At the Assembly
Carcieri vetoes legislation backed by city
01:00 AM EDT on Wednesday, July 9, 2008
PROVIDENCE — City leaders spent last week cheering the success of the city’s legislative package at the General Assembly this year, but that jubilation was short-lived; late last week, Governor Carcieri promptly vetoed several major bills related to Providence.
Now, the city is lobbying its General Assembly delegation to return and override the governor’s vetoes.
Two bills central to Mayor David N. Cicilline’s budget for the current fiscal year — his so-called working family tax credit, and a bill freeing cities from paying a fee for fire hydrants — were vetoed by Carcieri late last week, and Cicilline blasted Carcieri for his vetoes.
“When you look at the combination of those two bills being vetoed, it really does demonstrate again how out of touch the governor is with what working families are enduring across our state,” Cicilline said.
The tax-credit bill allows the city to reapportion city tax bills so that residents who own and occupy single-family houses worth less than $200,000, or multi-family houses worth under $275,000, would get a $250 credit on their tax bills. The cost would be borne by those who own homes on the other side of that divide.
Cicilline said he couldn’t figure out why the governor would veto a bill that would only affect Providence.
“It didn’t have implications to the state. It allowed us to give families in the city, who were most in need, some property tax relief with a tax credit. It provided some really necessary relief to the families most in need in the capital city,” Cicilline said.
Carcieri and Cicilline have fought a public war of words in recent weeks over immigration, but Cicilline said he did not think that played a role in the vetoes.

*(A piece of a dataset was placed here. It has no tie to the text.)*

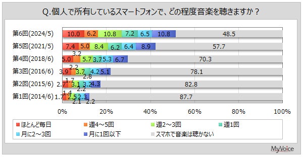 マイボイスコム株式会社(東京都千代田区、代表取締役社長:高井和久)は、6回目となる『スマートフォンでの音楽利用』に関するインターネット調査を2024年5月1日~7日に実施しました。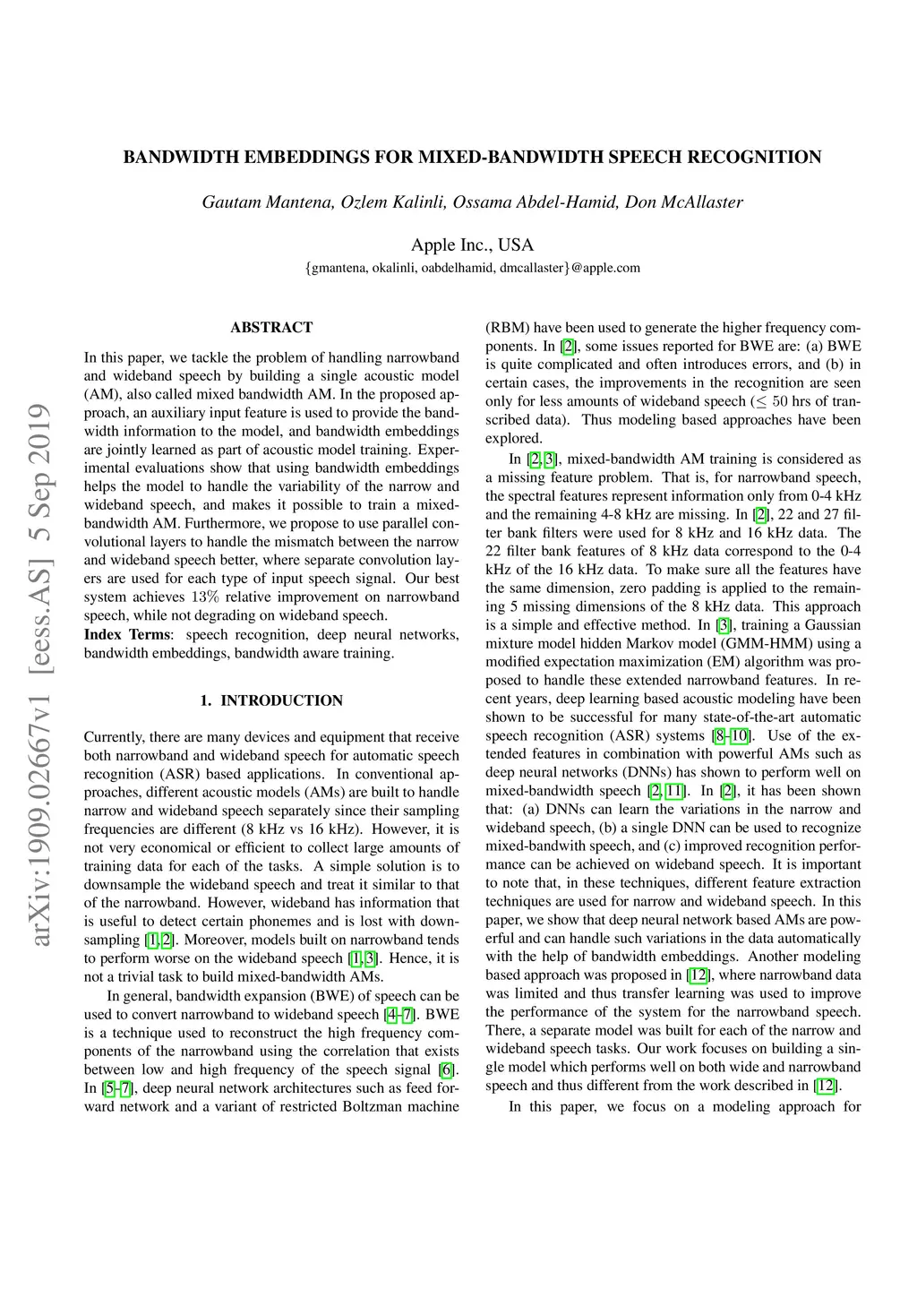 Bandwidth Embeddings for Mixed-bandwidth Speech Recognition

“I certainly hope that that has nothing to do with it — I don’t have any reason to think that it did,” Cicilline said.
To Carcieri, the bill would set a dangerous precedent of applying different tax rates depending on the value of residential property.
“Once the state has authorized something for one community, it is difficult to say no to another,” he wrote in his veto message, while noting that a state group is studying tax policy right now, and he would prefer to let that group reach conclusions before any major changes are made.
Providence is perhaps more affected by Carcieri’s veto of the hydrant rental fee bill, which amounted to a $1-million savings Providence was counting on to help balance its budget.
The bill would have removed the hydrant rental fees that are charged to cities and towns by water providers. Eliminating the fees would have forced water authorities to cover the cost from general water bills, thus forcing the property tax-exempt institutions that crowd Providence to pay along with other taxpayers.
The bill has been submitted by Providence year after year to failure, but this year it was championed by the Rhode Island League of Cities and Towns as one of the group’s top priorities. With broader support, particularly from Pawtucket, it passed.
But Carcieri vetoed the bill Thursday, leaving Providence with a bigger hole in its budget.
Carcieri said that he felt hydrants belonged under the umbrella of municipal public safety, and water authorities should be able to charge cities and towns for them.
The governor doesn’t want to see the cost of rentals spread among water authority customers, saying that hydrants are part of the public safety operation, and belong as municipal costs, paid for through city taxes.
“Although there are reasonable arguments that this is a way to make tax-exempt organizations pay for public safety costs and that municipalities require new sources of revenue or expanded ways of reducing cost, I believe that such hydrant rentals fees are a realistic public safety cost which should be borne by the municipality and not water users.”
The message was somewhat mixed, and even seemed sympathetic, acknowledged Dan Beardsley, executive director of the League of Cities and Towns, but “Unfortunately, his sympathy didn’t go far enough.”
Now, even if the Assembly does return — which Beardsley said may be unlikely — this bill could face an uphill battle.
“I honestly don’t know. It passed both the House and Senate on procedural maneuvers so there wasn’t an overwhelming majority supporting the bill,” Beardsley said.
Although the bill came in under the banner of the league, it has been Providence’s cause for so long that many legislators had a hard time seeing the coalition, Beardsley said.
“Most of them were of the belief that it was a City of Providence piece of legislation,” Beardsley said.
Carcieri also vetoed a bill affirming the Providence Redevelopment Authority’s ability to purchase blighted property.
Now, Cicilline is left crossing his fingers and lobbying the city’s powerful Assembly members to return to session.
“It’s very disappointing. I’m hoping that the legislature will return,” Cicilline said.